I’m appealing to you  directly in order to bypass my cabinet and Parliament, who seem to be merely playing politics with Brexit for party or sectional advantage, and in the hope that you, the people, will put pressure on them to pass the divorce agreement I have negotiated with the other countries of the present EU, despite the fact that it isn’t popular with anyone. But isn’t that in the nature of any ‘negotiation’, whose best outcome is invariably a compromise?

I myself can see the flaws in it, and admit that Britain’s situation under it will be worse in almost every respect than if we had stayed in the European Union. Indeed, that was the reason why I advocated and voted for ‘Remain’ at the time of the 2016 referendum; which, I agree, makes it odd that I should be the one who is endeavouring to implement the result of that referendum now. So let me try to explain.

There are a number of reasons. One is that the other possible candidates have all ruled themselves out: some by resigning as soon as the impossibility of the task became clear (Davis, Raab), others because they can’t be taken seriously as political leaders (Boris, Jacob, Govey, Farage), and probably won’t be, by the wider electorate. (Although who knows? I understand that Boris made quite a name for himself once, simply by bumbling on Have I Got News For You. The English seem to like eccentrics, even stupid ones. And with politics now being regarded rather like a TV popularity contest, they don’t have any other means of judging great issues.) My own great advantage here is that I seem boring – ‘robotic’ is the epithet usually applied to me – which means that I have no charisma that might lead you astray.

So far as I’m personally concerned, one of the reasons I’m here is that I’ve always wanted to be Prime Minister, and the fiasco over Brexit just happened – quite fortuitously – to give me the chance. Another, more principled, reason is that I’ve long felt strongly about immigration; the effort to control which dominated the agenda of my long depressing spell as Home Secretary, albeit unsuccessfully. (They still kept coming in.) The ‘hostile environment’ was one of my earliest slogans in this connexion; ‘queue-jumping’, ‘go home’ (on the side of a truck) and ‘only if they’re rich enough’ are the latest ones. I’m sorry if these don’t sound very sympathetic to poor oppressed refugees, but that’s the sort of woman I am. (Don’t be fooled by the fact that daddy was a Rev.) Never mind that I already had control of extra-European immigration (the darkies), and even of European immigrants if they couldn’t find work (it’s in the EU constitution); putting the blame for immigration on the EU was a sure-fire way to make me popular (I hoped) with voters who had been persuaded by right-wing newspapers that Europe was at the bottom of it. (Together with outlawing bendy bananas. It was clever Boris who made that up.)

OK, so Brexit was always a terrible idea; leaving Britain weaker, poorer and more vulnerable to outside forces that are far more powerful and malevolent than ‘Brussels’: like the USA (insisting on lower food and labour standards if we want to trade with it); the onward march of global capitalism; and even Russia, the old enemy.
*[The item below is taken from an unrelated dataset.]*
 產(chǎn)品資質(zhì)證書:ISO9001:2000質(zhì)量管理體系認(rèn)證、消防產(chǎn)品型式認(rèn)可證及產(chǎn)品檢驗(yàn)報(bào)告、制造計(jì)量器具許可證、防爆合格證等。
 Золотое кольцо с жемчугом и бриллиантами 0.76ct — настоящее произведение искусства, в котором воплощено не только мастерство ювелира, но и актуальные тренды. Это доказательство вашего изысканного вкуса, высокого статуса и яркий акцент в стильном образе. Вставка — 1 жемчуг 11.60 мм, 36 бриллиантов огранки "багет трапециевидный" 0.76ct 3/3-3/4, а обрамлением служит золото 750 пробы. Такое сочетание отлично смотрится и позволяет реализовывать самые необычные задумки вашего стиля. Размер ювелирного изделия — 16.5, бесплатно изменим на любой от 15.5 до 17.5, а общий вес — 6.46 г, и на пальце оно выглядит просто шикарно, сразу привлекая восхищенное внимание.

Of course it would be better if we could call the whole thing off, and go back to being a part of the EU, on the same (generous) terms, if it would let us. We’re all saying that, privately. There are also the undeniable facts that the Referendum was won for the Brexiteers by means, just coming to light, of chicanery and foreign interference – it makes sense to both Trump and Putin that Europe is broken up; that it was foolish of David Cameron to have called it in any case, on those terms (a simple majority and on a vague question) and just then (at the peak of austerity, when the electorate just wanted to get at him); and that it was largely the elderly who voted for Brexit, many of whom have died since, with new young and Europhile voters taking their place – meaning that the ‘popular will’ has almost certainly shifted in the EU’s favour since June 2016. All this would seem to suggest that it would be wise to have another popular vote on the terms of our departure, which no-one was clear about in 2016; not only wise, but also pretty democratic, one would have thought. The Brexiteers in my own party, however, have a different view of ‘democracy’, holding that once the ‘people’ have voted one time they can’t be allowed to change their minds – or, in this case, their demography. I’m not sure that I accept this, but I’ve been parroting it robotically, because it’s what my Brexiteer MPs expect of me. And they have been shouting louder than anyone else over the last couple of years.
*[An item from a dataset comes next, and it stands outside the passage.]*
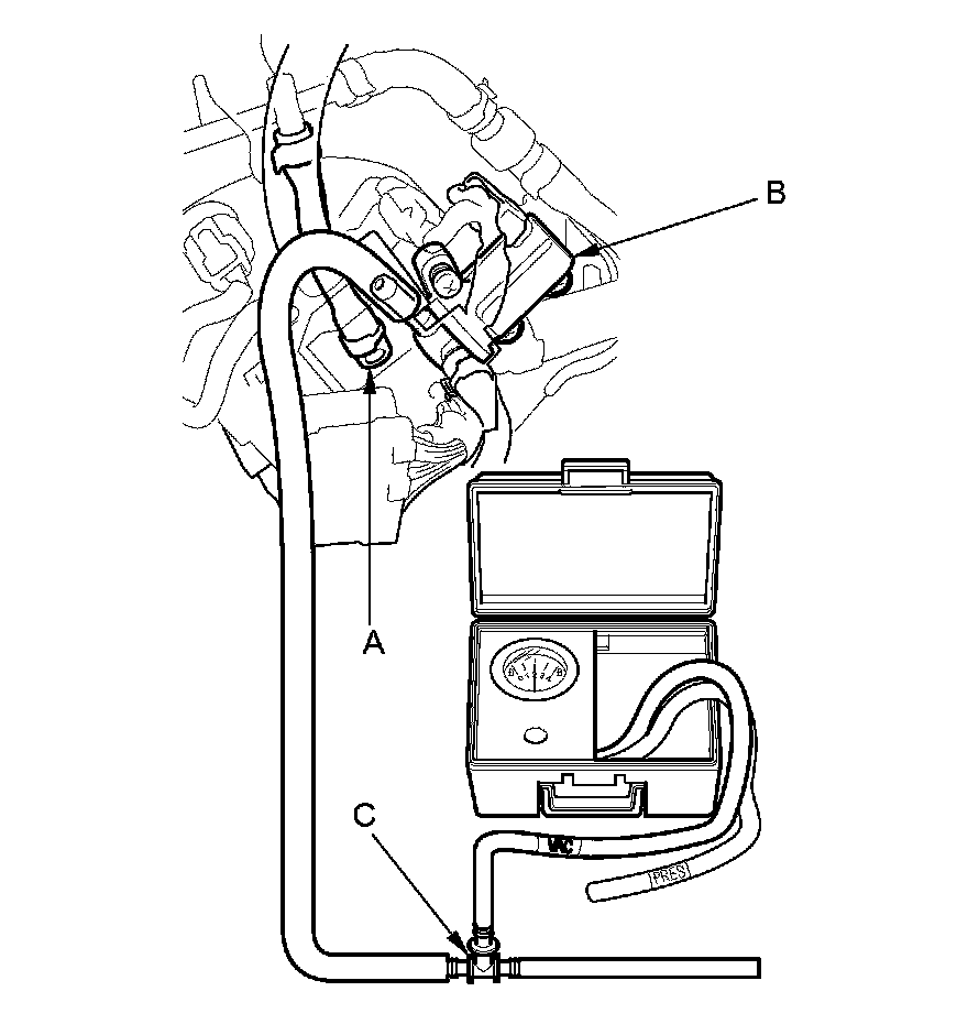 9. Disconnect the vacuum hose (A) from the EVAP canister purge valve (B) in the engine compartment, and connect a T-fitting (C) from the vacuum gauge and the vacuum pump/gauge 0-30 inHg, to the EVAP canister purge valve as shown.

This really is at the root of my problem. It’s not just my MPs, but also the right-wing media, presenting the debate in terms of a battle between ‘the People’ and ‘the Establishment’, with the Establishment said to be only too willing to ‘betray’ the People at every turn. This ignores the fact that most Brexit leaders are Etonians and currency speculators. But quite apart from that, the effects have been to make the debate far less rational than it would have been otherwise; to split the country violently, at least in its public discourse; and to raise the spectre of serious social and political unrest if I’m seen to renege on that original ‘people’s vote’. Of course, in reality the split was there before all this Brexit business started. It was largely the result of ‘austerity’: the erosion of the welfare state and so of any kind of ‘social contract’ between government and people; and behind that – probably – the development of capitalism into its late, self-destructive phase. But the true response to this – more social democracy – is too much for a Conservative like me to swallow. So the only solution – an interim one – is to give the impression of obeying that 2016 ‘people’s’ verdict, in order to make the best of a bad job. That’s what my European settlement does.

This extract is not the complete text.